Announcing General Availability of Change Data Capture (CDC) on Azure SQL Database
We are excited to announce the general availability (GA) of change data capture (CDC) in Azure SQL Database.
What is Change data capture (CDC)?
CDC provides historical change information for a user table by capturing both the fact that Data Manipulation Language (DML) changes (insert / update / delete) were made and the changed data. Changes are captured by using a capture process that reads changes from the transaction log and places them in corresponding change tables. These change tables provide a historical view of the changes made over time to source tables. CDC functions enable the change data to be consumed easily and systematically.
Why use Change data capture (CDC)?
CDC is a widely used feature by a wide range of customers for a variety of purposes as mentioned below, but not limited to:
- Tracking data changes for auditing
- Recording data changes on source database and integrating with other services (e.g. Azure Data Factory) to stream these changes to other destinations
- Performing analytics on change data
Change data capture (CDC) on Azure SQL database
CDC is now generally available on Azure SQL databases, enabling customers to track insert / update / delete data changes on their Azure SQL Database tables. On Azure SQL database, CDC offers a similar functionality to SQL Server and Azure SQL Managed Instance, providing a scheduler which automatically runs change capture and cleanup processes on the change tables. These capture and cleanup processes used to be run as SQL Server Agent jobs on SQL Server on premises and on Azure SQL Managed Instance, but now they run automatically through the scheduler in Azure SQL databases. Customers can still run scans and cleanup manually on demand.
CDC on Azure SQL database has been one of the most requested features through Azure feedback mechanisms. Multiple customers have successfully used CDC during public preview, such as Rubrik, a major cloud data management company. After using CDC, they highlighted: “Flawless implementation. An extremely useful addition to Azure SQL Databases that enabled us to track and capture changes from them meticulously.”

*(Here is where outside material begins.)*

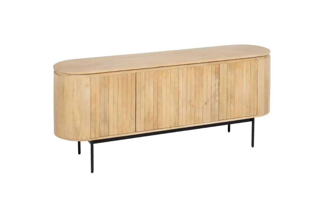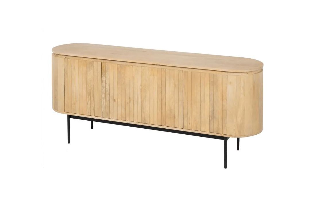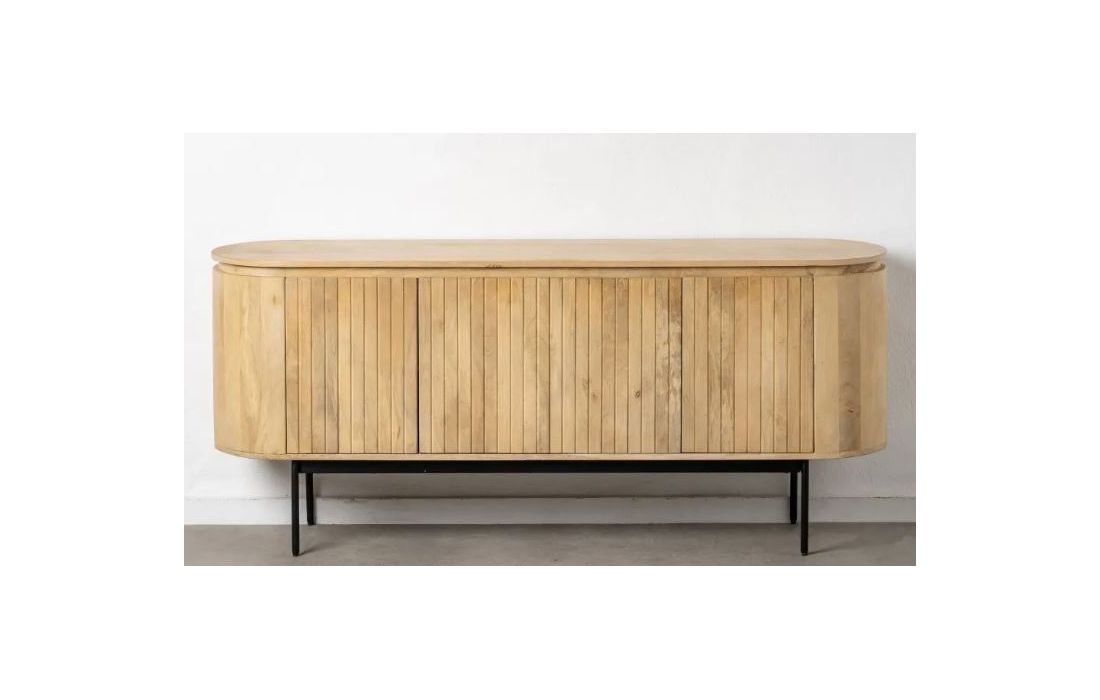 Sideboard with 4 doors in natural mango wood with black metal feet
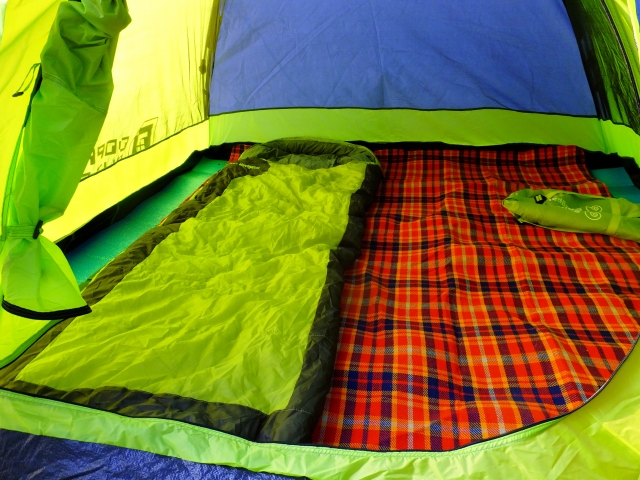 テント内にはマットや寝袋を敷いて、自分好みの空間を演出する楽しさもあります。

Enabling change data capture (CDC) on an Azure SQL database
Customers will be able to use CDC on Azure SQL databases higher than the S3 (Standard) tier or vCore equivalent. More specifically, CDC cannot be enabled on subcore databases.

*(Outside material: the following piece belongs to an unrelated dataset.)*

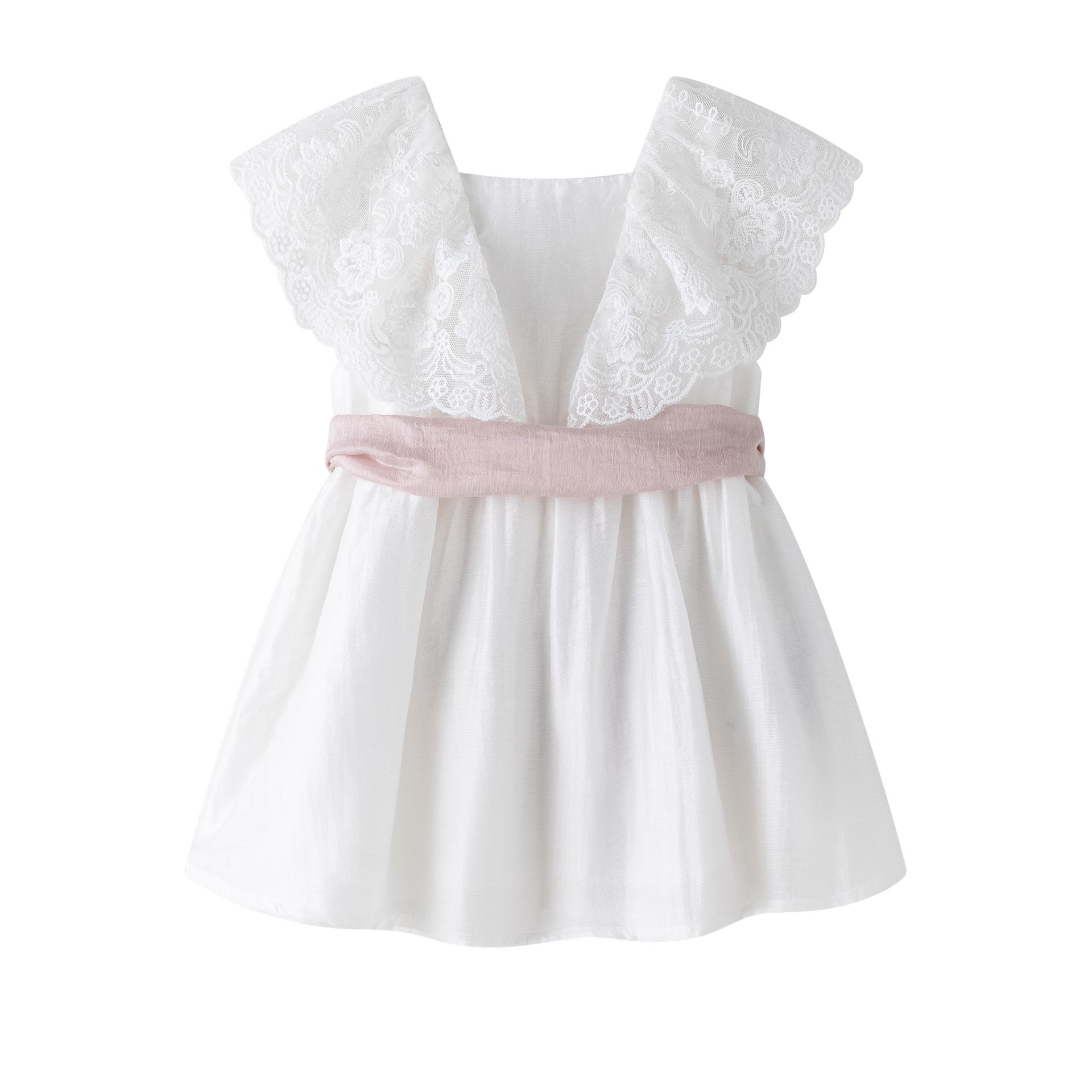 Vestido blanco tejido tipo seda tratada, manga sisa con volante de encaje, braguita cubre pañal a juego y dos cinturones en verde y rosa.

Enabling CDC on an Azure SQL database is similar to enabling CDC on SQL Server or Azure SQL Managed Instance. Learn more here: Enable CDC
Sending CDC data changes to other destinations
Multiple Microsoft technologies such as Azure Data Factory can be used to move CDC change data to other destinations (e.g. other databases, data warehouses). Other third-party services also offer streaming capabilities for changed data from CDC. For instance, Striim and Qlik offer integration, processing, delivery, analysis, or visualization capabilities for CDC changes.
“Real-time information is vital to the health of the enterprises,” says Codin Pora, VP of Technology and partnership at Striim. “Striim is excited to support the new change data capture (CDC) capabilities of Azure SQL Database and help companies drive their digital transformation by bringing together data, people, and processes. Striim, through its Azure SQL Database CDC pipelines, provides real-time data for analytics and intelligence workloads, operational reporting, ML/AI implementations and many other use cases, creating value as well as competitive advantage in a digital-first world. Striim builds continuous streaming data pipelines with minimal overhead on the source Azure SQL Database systems, while moving database operations (inserts, updates, and deletes) in real time with security, reliability, and transactional integrity.”
“Joint customers are excited about the potential of leveraging Qlik Data Integration alongside CDC in Azure SQL DB and CDC for SQL MI to securely access more of their valuable data for analytics in the cloud,” said Kathy Hickey, Vice President, Product Management at Qlik. “We are happy to announce that in addition to support for Azure SQL MI as a source, the newly available MS-CDC capabilities will also allow us to support Azure SQL DB sources via our Early Access Program. We look forward to partnering with Microsoft on helping customers leverage these capabilities to confidently create new insights from their Azure managed data sources.”
To know more about change data capture (CDC), check out the documentation.
Learn module: Data replication on Azure SQL Databases – Learn | Microsoft Docs
Is it possible to connect Apache Kafka to Azure SQL Database? I would like to propagate the changes to downstream Apache Kafka. How can I achieve this?
You can explore some third-party tools in this case such as Debezium. Refer this – https://github.com/azure-samples/azure-sql-db-change-stream-debezium
I still see the CDC only in Preview mode for the Azure SQL Databases as per the Microsoft documentation. Do you know by when this will be in “General availability”?
Hello, Falcon. Thank you for bringing this to our attention…we are aware of the feature comparison page and will be updating it soon. Please consider this blog as an official announcement that CDC on Azure SQL DB is now GA.
Thank you for the confirmation.
One more question. Is it available for all locations?
It is mentioned “More specifically, CDC cannot be enabled on subcore databases”. But what are “subcore” databases?
@Sujai – CDC can only be enabled on databases tiers S3 and above. Sub-core (Basic, S0, S1, S2) Azure SQL Databases are not supported for CDC.